T. Batler / UPMC / Pitt Health Sciences
A team from the University of Pittsburgh is trying to create an artificial limb that works like a limb. Star wars Movies.
“They’ve given him this new hand, and you can’t say it’s not his own,” said Lee Fisher, a biomedical engineer.
Luke even says “Ouch” when a medical droid pushes his artificial finger.
“This is our long-term goal,” Fisher said, “to recover the sensitive response from the missing organ.”
The human brain relies on a constant flow of sensitive information to perform basic tasks, such as holding a cup of coffee. Yet some sophisticated motorized organs – including those controlled only by a person’s thinking – do not respond in this way. As a result, even sophisticated prosthetics can often disappoint their users.
Fisher is one of more than 80 scientists, staff and trainees at the university’s Rehab Neural Engineering Lab working to add a touch of touch to synthetic materials. The goal is to equip artificial limbs with sensors that are connected to a person’s own nervous system.
Fisher’s lab, for example, is attaching artificial arms and legs to a device implanted in a person’s spine.
“It basically looks like a spaghetti noodle,” he says. “These can be inserted through a needle, so it’s a pretty minimally invasive process to hold them.”
The device was originally designed to reduce chronic pain by providing electrical impulses to the spine. But Fischer’s lab is using it to relay information from sensors to artificial hands or feet.
The technique is to stimulate the same nerve fibers that were once attached to a person’s own organ, Fisher said. That requires some trial and error.
“The first thing we do is just try and understand,‘ How did the stimulus feel? ’” He says. “Can we create a sensation that feels like it’s coming from their missing hand or their missing leg? Can we change the intense feeling of it?”
“There’s no hand, but I can feel it.”
A four-person survey suggests the answer is yes. Pat Bain, a participant whose right hand was amputated to stop the infection, described the stimulus in a video made by the university: “I know there are no hands, but I can feel it,” he says. “They may think the palm of my hand is the palm of my hand. It’s quite exciting.”
Participants also reported that stimulation reduces the perception of pain coming from a missing limb – a common problem after an amputation.
Fisher’s team is now working to use spinal implants to provide sensitive responses from prosthetic legs and feet.
“Additions can make these prostheses more useful, because we rely on the constant response of our feet to stay straight,” Fisher said. “We’re basically like an inverted pendulum that you have to turn around to keep the balance,” he says.
Preliminary results suggest that at least one person was helped by the reaction using an artificial leg.
“We’ve seen improvements in his balance control while standing, and some improvement in his durability and confidence as he walks,” Fisher said.
Reaching the mind alone
Jennifer Collinger, an associate professor in the university’s Department of Physical Medicine and Rehabilitation, said those who are paralyzed can also benefit from artificial limbs, including the feeling of touch.
For several years, the Pittsburgh Group has been working with paralyzed volunteers who have just learned to control a robotic arm using their thinking.
The goal is to develop technology that allows them to be more independent, Collinger said. “The way we’re going is to be able to feed ourselves, make food, be able to dress,” he says.
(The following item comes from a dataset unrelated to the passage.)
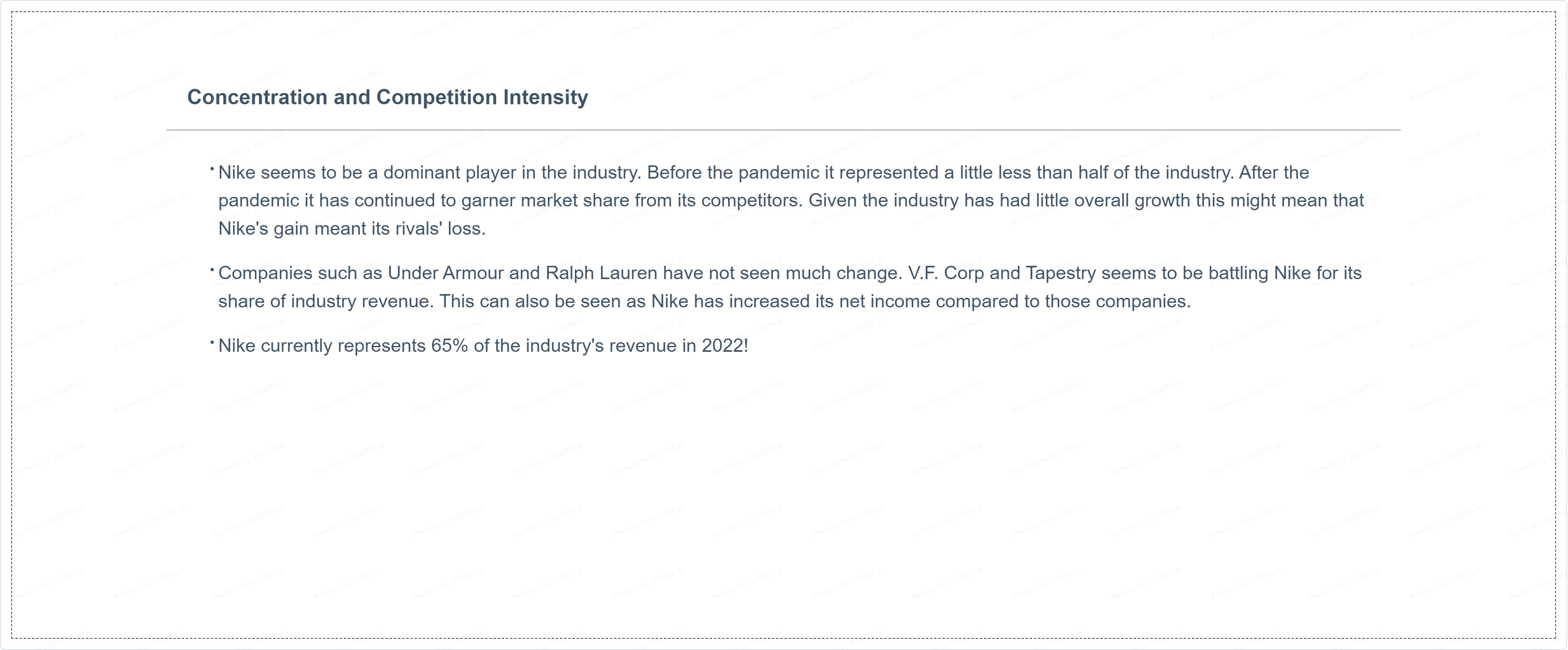 Nike seems to be a dominant player in the industry. Before the pandemic it represented a little less than half of the industry. After the pandemic it has continued to garner market share from its competitors. Given the industry has had little overall growth this might mean that Nike's gain meant its rivals' loss.

But things like this can be difficult if a person has to rely only on their eyes to know what the robotic arm is doing. So scientists in Pittsburgh are adding similar touch sensors that they use to enhance artificial weapons. But in this case, the sensitive information is being sent directly to the brain without going through the spine.
Robert Gant, a biomedical engineer, says a study of individuals found that the feeling of touch makes a big difference.
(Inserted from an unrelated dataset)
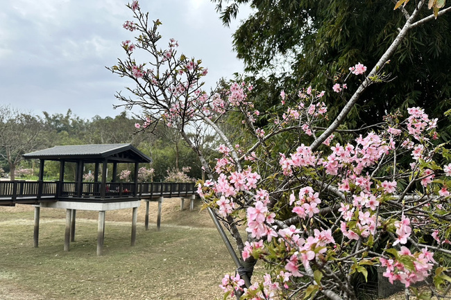 館方人員表示,2016年起在專家協助下,於淨水池區種植約500棵櫻花,包括河津櫻、富士櫻、吉野櫻與八重櫻,每年春節前後綻放,成為台南市民期待賞花勝地,今年因連續幾波低氣溫影響,花期較往年延後,目前開花率約7成,預估228連假將迎來滿開盛況。

“Half the time it takes to pick up someone’s belongings and turn them around,” he said And in some cases, the person completes almost as fast as a person with a performance.
So far, scientists have only been able to give people who use prostheses a very primitive sense of touch.
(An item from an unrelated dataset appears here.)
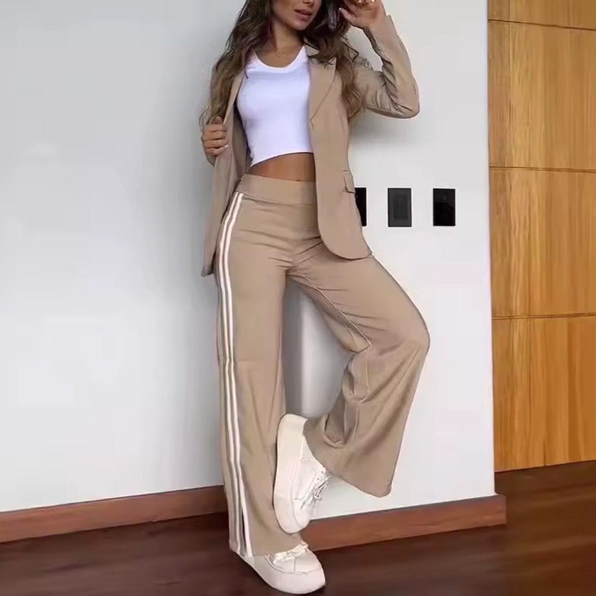 Dit elegante dames trainingspak combineert comfort met een modieuze athleisure look. De set bestaat uit een getailleerde blazer en een wijde broek met opvallende strepen langs de zijkanten. De zachte, elastische stof zorgt voor optimale bewegingsvrijheid, terwijl het stijlvolle design perfect is voor zowel casual dagen als trendy streetwear. Draag het met sneakers of boots voor een perfecte, moderne outfit die moeiteloos chic én comfortabel is.

Good enough to know the reaction when there is weight on one foot or an arm encounters an object, says Gant. But users often describe the sensation as vibration, humming, tingling or pressure.
“The information we have been able to provide is certainly not a perfect substitute for what they have lost,” Fisher said.
Information will improve as new sensors arrive, and scientists will find better ways to connect them to a person’s nervous system, Gaunt said. But it won’t soon match the sensitivity of Luke Skywalker’s artificial hand.
“Our ability to discriminate [among] Different types of objects, textures, surfaces, this is a difficult problem, “said Gaunt, although he hopes it is not unattainable.